Extracting and storing metadata for faster loads, richer metadata, non frictionless datasets etc.
Summary
- Situation: we do all computation to render a project root page in frontend code
- Problem: this is slow and has a bad smell (in sense this code should be done once in backend)
- Solution: part i (for now) is to refactor logic to compute all info for dataset projects on "way in" (i.e. when we sync) and save in a single file in backend (r2 or db). Once we have done this we will reflect on next steps.
- Appetite: 5d (probably will need less)
Situation
- Rendering of main page of a project may involve up to 8 reads from R2
- No Project title in database
- Title of Project home page is computed in code at runtime with a complex logic
- Site is quite slow (e.g. 3s+ to render a page)
- Working out what "type" of page we are doing happens at runtime on each page run
- We don't have information like file sizes (which is available to us from github APi) actually rendered in the frontend unless it has been copied manually into datapackage.json
(Future) Needs - some examples
- README + csv works Able to render from less structures projects e.g. just README.md and data.csv TODO: see previous pitch
- Richer summary info Provide summary information about a dataset e.g. counts of what data files, total size, data information (e.g. number of rows etc)
- Show backlinks: for more PKM style setups we want to render network map
- Given an sqlite file show me its tables and information in it
- Same for Excel
- Generate SEO previews:
- …
Problem
Poor performance and/or complex business logic in presentation layer
- Slow site b/c rendering can use multiple requests see appendix (min 3 to even 8 (more?) DB/R2 requests).
- Frontend is doing lots of business logic (e.g. computing the title field, consolidating size information) which is error prone and hard to reason about long-term
- And may also be slow/expensive: on top of multiple R2/DB requests we're also performing the following computations before the passing it to the renderer component (MdxPage) e.g. TODO
- Data layer does not contain relevant information and/or not nicely consolidated e.g. Don't have key metadata computed e.g. backlinks or size information
There's some overlap here between these points.
Let's take one example: we are doing multiple requests because we don't know if datapackage.json/yml even exists. This is consolidation issue in some regards.
Solution
KISS:
- Let's focus just on the project root for now (we will fix other files later …)

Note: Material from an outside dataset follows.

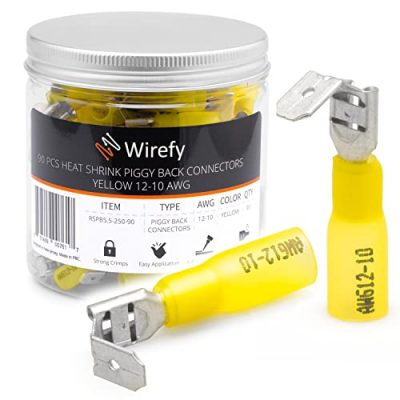 The Wirefy 90 PCS Heat Shrink Piggyback Spade Connectors are a versatile and reliable option for split connections. With marine-grade heat shrink tubing that shrinks down to seal the connection, these connectors are built to withstand the elements. The double crimp barrels ensure strong crimps, preventing wires from slipping out. These connectors are also quick disconnects, making them ideal for wiring components that need to be frequently disconnected and reconnected. Backed by a lifetime warranty, Wirefy guarantees the quality of their electrical connectors. The Yellow 12-10 AWG size is perfect for a variety of applications. Overall, these connectors are a high-quality option with good performance.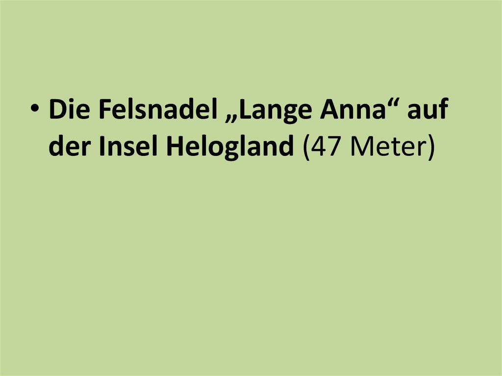 • Die Felsnadel „Lange Anna“ aufder Insel Helogland (47 Meter)

- We compute a single json file (we can call it
project.json
ordatapackage.json
or whatever) that is the consolidated version of what we want
{
title: My cool dataset
description: My short description for this stuff.
_content: // markdown string (even better if links are resolved)
pagetype: `dataset | story` // optional
// dataset stuff following Frictionless pattern
resources:
-
path: data.csv
size:
-
path: data2.csv
size: // this comes from github file tree etc
views:
...
licenses:
sources:
// FUTURE stuff we compute
links:
backLinks
tags:
tasks: ...
// other frontmatter?
// raw stuff???
_frontmatter // e.g. original frontmatter
}
Algorithm: This info is computed as follows
- Look for datapackage.json, datapackage.yml, README.md
- Extract title, description etc if you need to from README (use markdowndb code i think)
- Consolidate frontmatter
- Consolidate file sizes from the FileTree info
- FUTURE: compute more stuff about each in the resources and add that info if needed …
This algorithm runs once at the end of a sync.
? Do we update anythign in the DB e.g. update the project title and description?? Maybe …
Metadata storage options:
- Store computed metadata for the whole project in our current Postgres DB, in JSON, with structure similar to GH tree but extended with more metadata for each file in the tree.
- SQLite file per project with e.g.
mddb
index, stored in R2. - Put all files metadata in a new table in our current Postgres DB.
- …
Appendix: Solution options
Have factored tables etc
Tables
Project/Site table
File/Blob table (very simple) e.g. what you get from github
project_id
path
MarkdownFile
frontmatter
links
tags
Option 1
Easiest to implement, could be the first iteration of the solution.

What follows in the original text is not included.